» **Your objective**: Below, find the line containing "Đáp án bộ đề" and the line containing "eFootball [ 6 сезон"; reproduce exactly those two and every line between them, omitting pictures.

» **Task input**:
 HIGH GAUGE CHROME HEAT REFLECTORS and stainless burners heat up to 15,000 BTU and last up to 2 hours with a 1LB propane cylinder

...

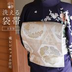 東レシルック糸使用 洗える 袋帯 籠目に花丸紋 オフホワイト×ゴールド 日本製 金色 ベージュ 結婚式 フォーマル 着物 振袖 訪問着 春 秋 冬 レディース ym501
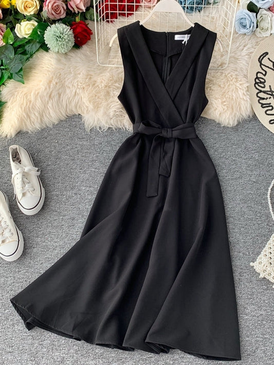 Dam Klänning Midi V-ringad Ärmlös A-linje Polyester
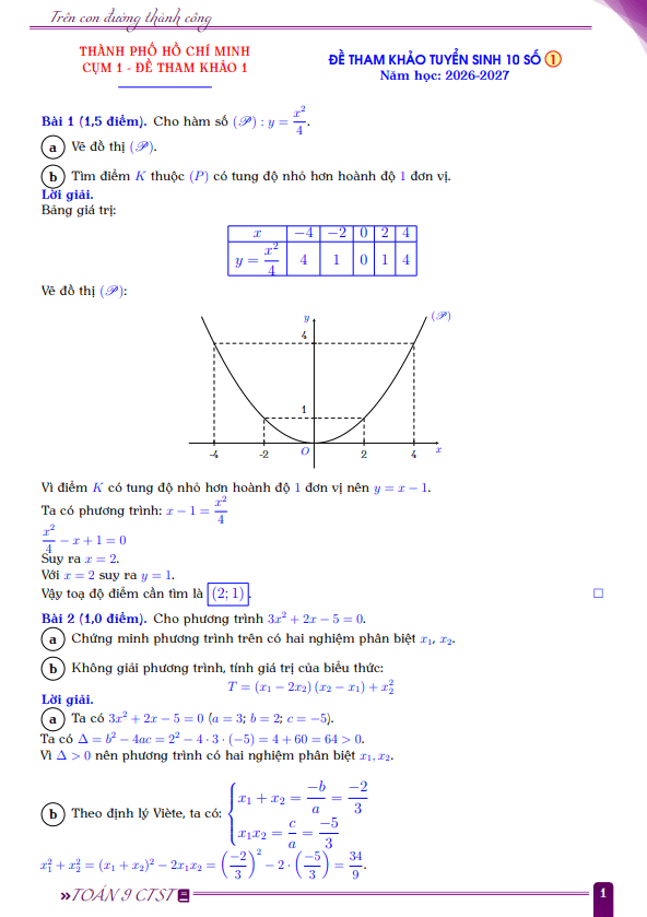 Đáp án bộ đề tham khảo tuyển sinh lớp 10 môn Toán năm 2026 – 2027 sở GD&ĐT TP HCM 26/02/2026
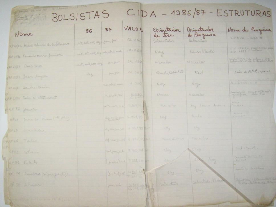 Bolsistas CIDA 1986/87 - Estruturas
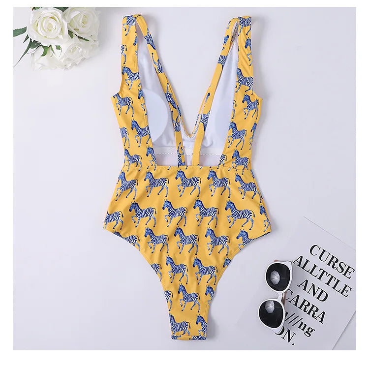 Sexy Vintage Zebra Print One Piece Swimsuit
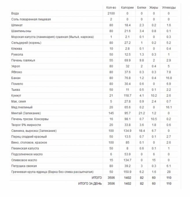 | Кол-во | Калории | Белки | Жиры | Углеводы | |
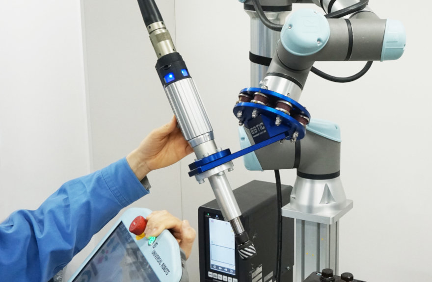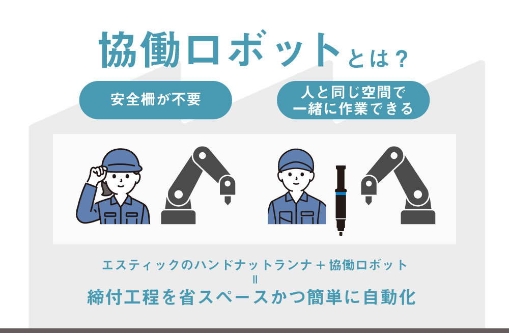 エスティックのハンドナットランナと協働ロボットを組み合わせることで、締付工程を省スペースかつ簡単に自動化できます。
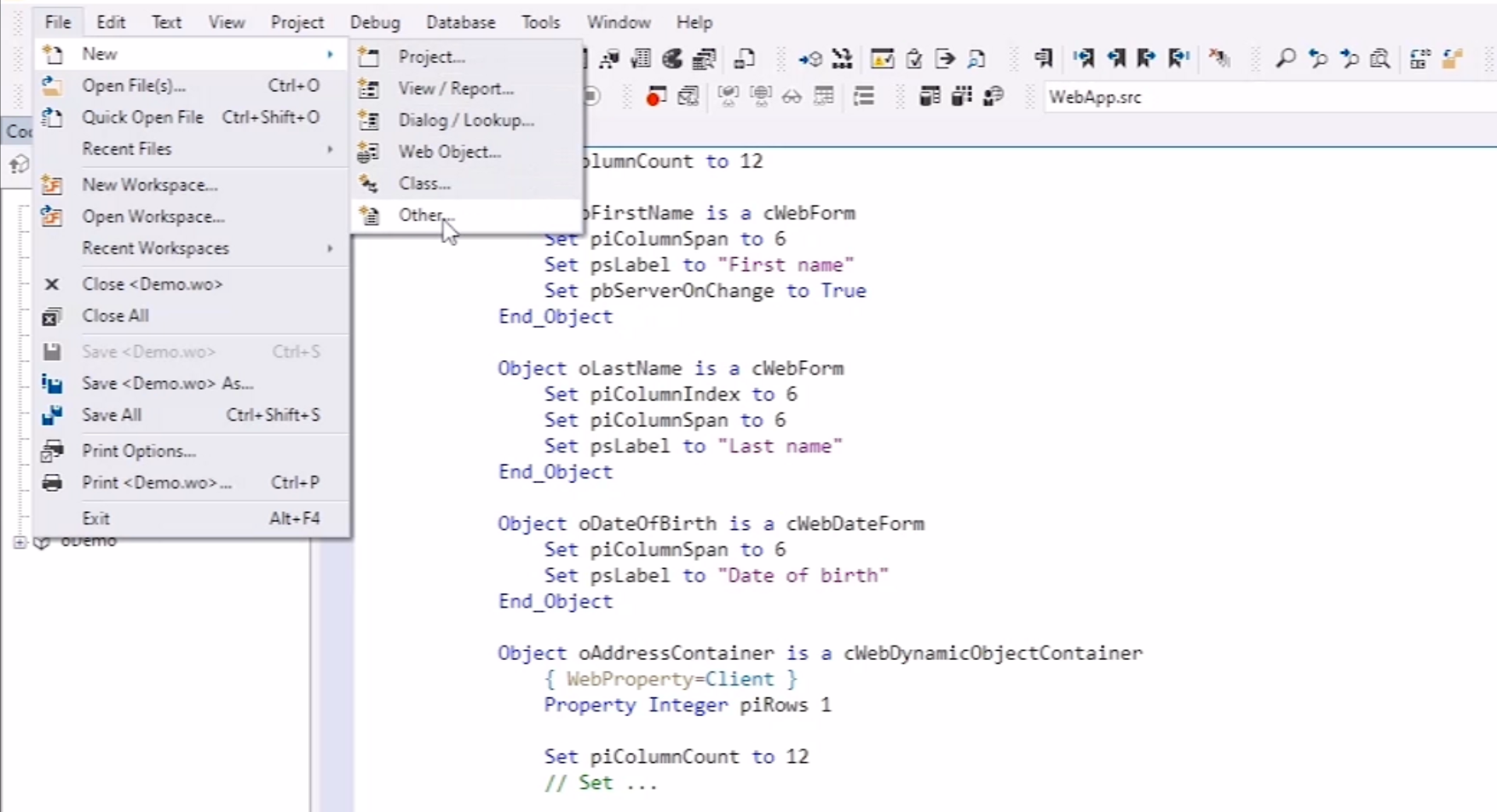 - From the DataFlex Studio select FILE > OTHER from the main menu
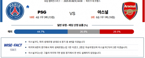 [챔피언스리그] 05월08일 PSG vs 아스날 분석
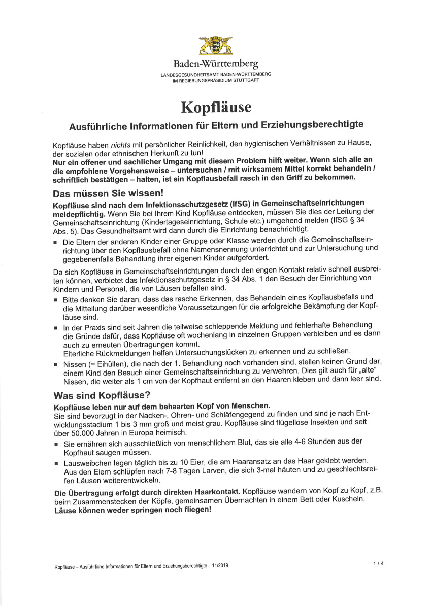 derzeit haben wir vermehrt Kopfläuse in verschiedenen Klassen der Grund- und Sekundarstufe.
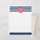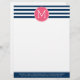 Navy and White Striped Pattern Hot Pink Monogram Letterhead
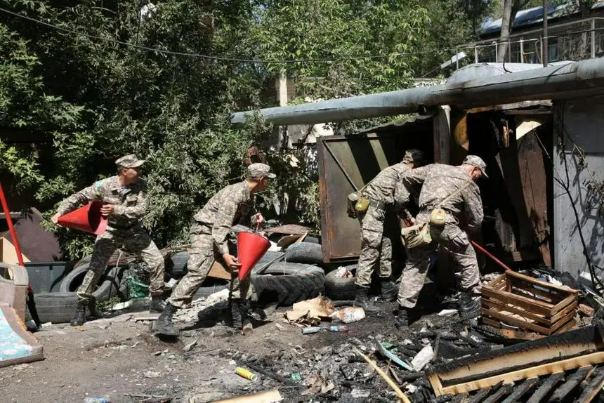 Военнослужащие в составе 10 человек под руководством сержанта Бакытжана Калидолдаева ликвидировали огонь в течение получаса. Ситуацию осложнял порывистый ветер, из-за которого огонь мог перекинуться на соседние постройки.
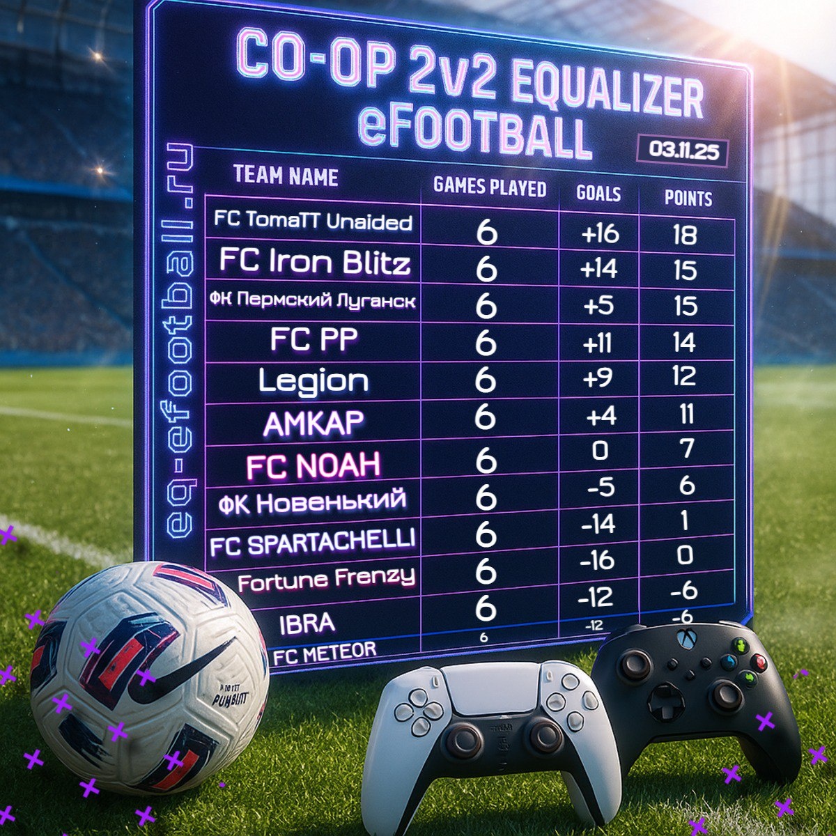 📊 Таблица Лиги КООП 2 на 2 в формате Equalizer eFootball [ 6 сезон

...

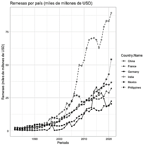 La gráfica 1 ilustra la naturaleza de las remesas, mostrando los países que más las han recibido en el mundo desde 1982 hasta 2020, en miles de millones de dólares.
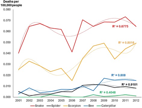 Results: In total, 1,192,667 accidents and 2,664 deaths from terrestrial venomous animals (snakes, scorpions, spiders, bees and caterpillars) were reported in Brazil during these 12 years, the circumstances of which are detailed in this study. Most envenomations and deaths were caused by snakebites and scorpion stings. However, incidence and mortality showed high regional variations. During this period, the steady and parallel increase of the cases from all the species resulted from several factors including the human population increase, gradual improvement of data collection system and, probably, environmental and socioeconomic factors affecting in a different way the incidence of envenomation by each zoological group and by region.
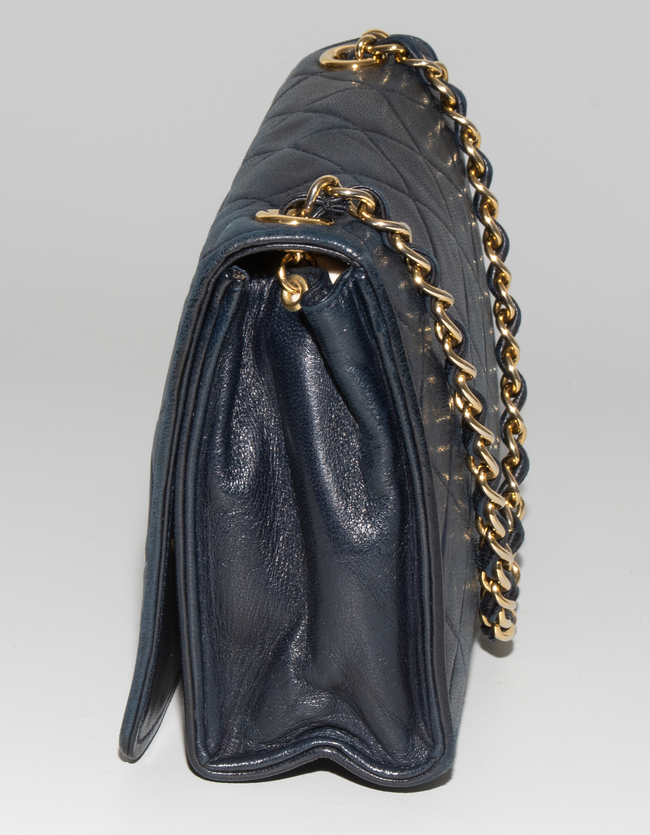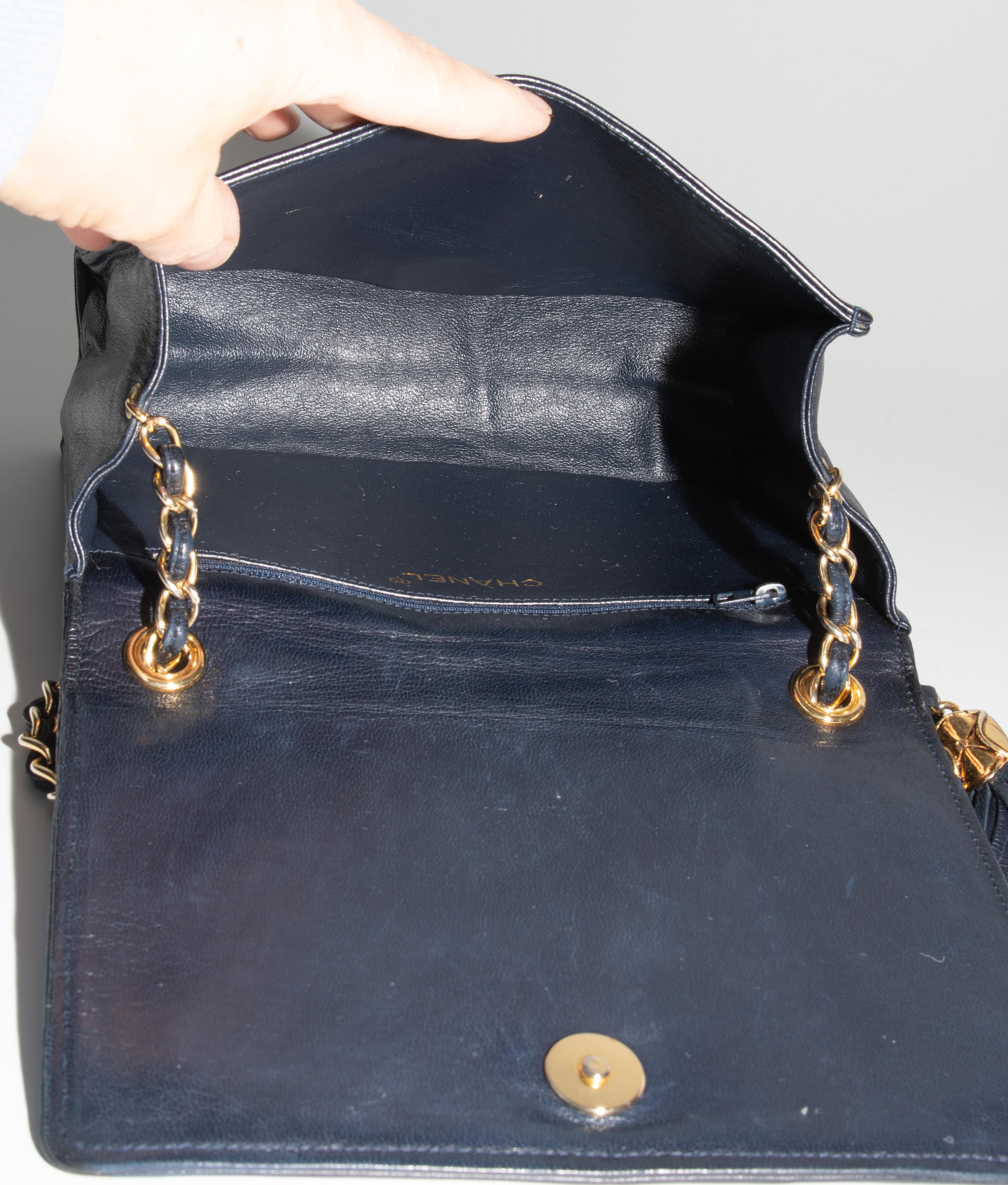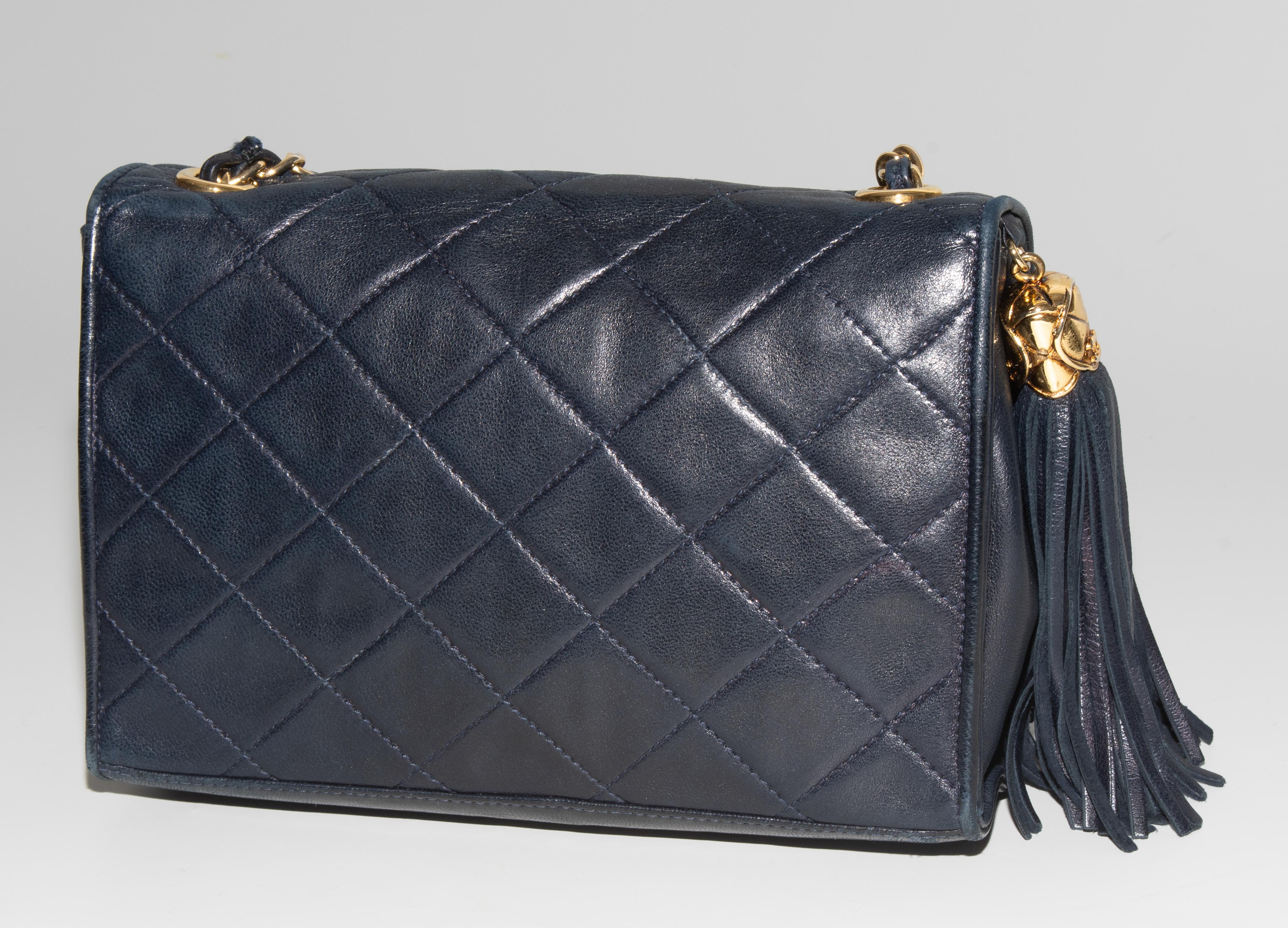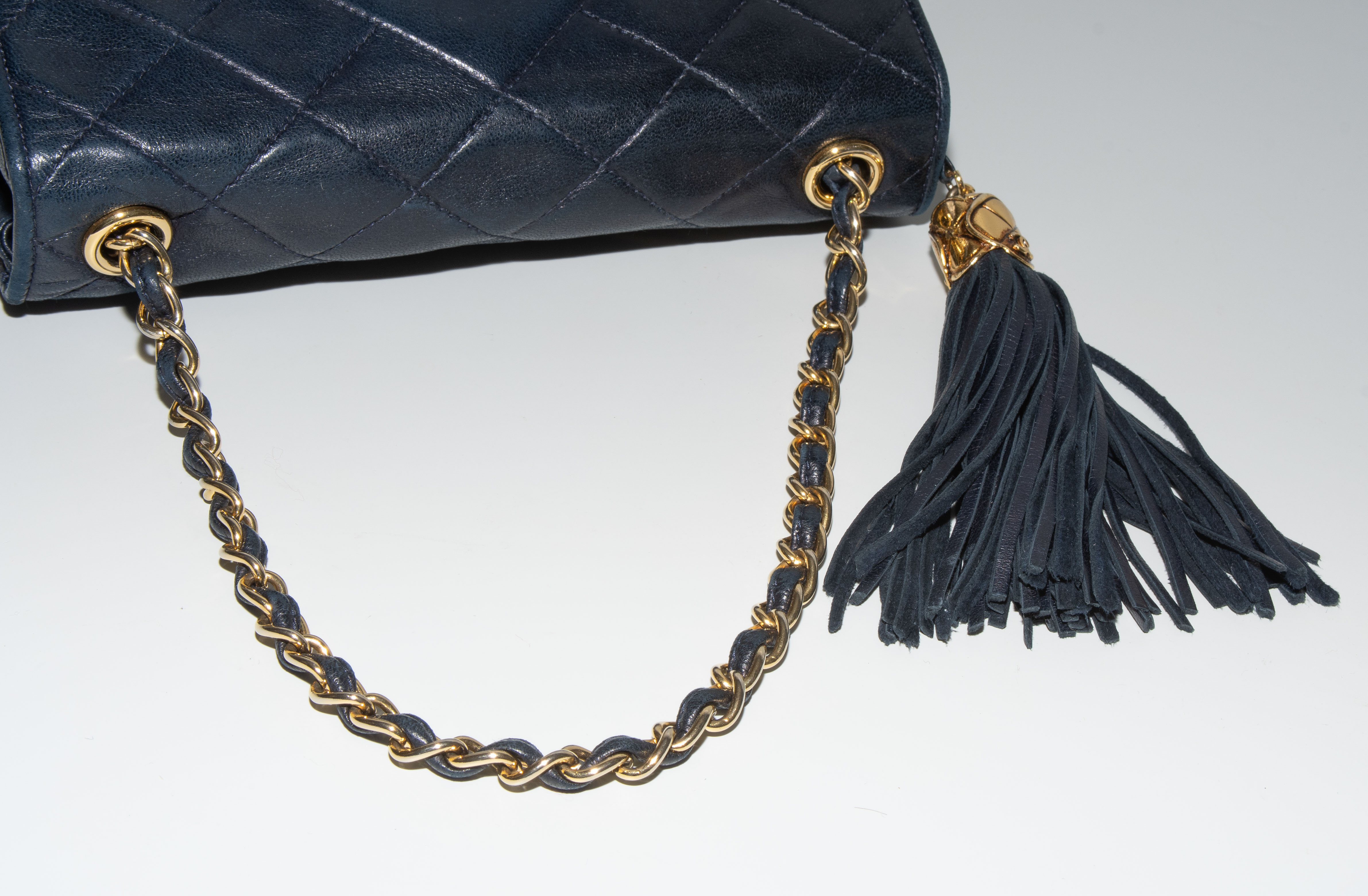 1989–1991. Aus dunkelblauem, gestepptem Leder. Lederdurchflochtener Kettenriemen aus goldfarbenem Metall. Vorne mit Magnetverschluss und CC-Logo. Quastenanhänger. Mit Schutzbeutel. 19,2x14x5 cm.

» **Task result**:
 Đáp án bộ đề tham khảo tuyển sinh lớp 10 môn Toán năm 2026 – 2027 sở GD&ĐT TP HCM 26/02/2026
 Bolsistas CIDA 1986/87 - Estruturas
 Sexy Vintage Zebra Print One Piece Swimsuit
 | Кол-во | Калории | Белки | Жиры | Углеводы | |
 エスティックのハンドナットランナと協働ロボットを組み合わせることで、締付工程を省スペースかつ簡単に自動化できます。
 - From the DataFlex Studio select FILE > OTHER from the main menu
 [챔피언스리그] 05월08일 PSG vs 아스날 분석
 derzeit haben wir vermehrt Kopfläuse in verschiedenen Klassen der Grund- und Sekundarstufe.
 Navy and White Striped Pattern Hot Pink Monogram Letterhead
 Военнослужащие в составе 10 человек под руководством сержанта Бакытжана Калидолдаева ликвидировали огонь в течение получаса. Ситуацию осложнял порывистый ветер, из-за которого огонь мог перекинуться на соседние постройки.
 📊 Таблица Лиги КООП 2 на 2 в формате Equalizer eFootball [ 6 сезон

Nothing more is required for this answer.